# Caltex/Chevron Delo 400 testimony



## 4ePikanini (Aug 29, 2007)

Vehicle :
- 1995 VW Jetta MK3
- 1.8 petrol (LRP) carburetted ( well-known for sludge )
- 310'000 km (un-opened engine)
- last 30'000 km run with delo 400 (10'000km change intervals)
- no leaks 
- no ticking from the hydro lifters

I would like to share my experience with you as this oil has been discussed many times over and some were wondering about the usage of it in petrol engines.
*I am aware that this oil is designed with diesels in mind put can be used for petrol as well
I am aware that it is not on the VW approved list of oils for my car*
This is my testimony with the oil, what you make of it is your own.
The oil








This is the vehicle (_don't mind the wheel gap, it is there by choice and sometimes it is still too low_)

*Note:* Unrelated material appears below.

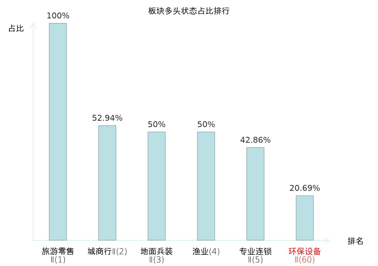 全市场所有行业板块中主力多头状态占比排名中,旅游零售Ⅱ板块位居第一。旅游及景区板块名次提升最快,较昨日上升69位。
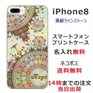 - iPhone8 ケース アイフォン8 カバー ラインストーン かわいい らふら 遊園地

This the the dipstick 1500km after the last oil change








This the dipstick 3500km after the oil change as well as the cam lobes and hydro lifters

























She runs noticeably cooler ( I have an aftermarket oil temp gauge ) and smoother since using delo 400 instead of castrol high milage / magnatec.
I then went on a little trip
















And after the trip the dipstick looked like this








NOTE
The journey to Durban was 3 persons and half a boot of luggage
The journey back was 4 persons and a boot packed with luggage
Still no oil top-up needed. ( Still on the max mark )
OFF TOPIC SIDENOTE : Overall economy of 9l/100km


----------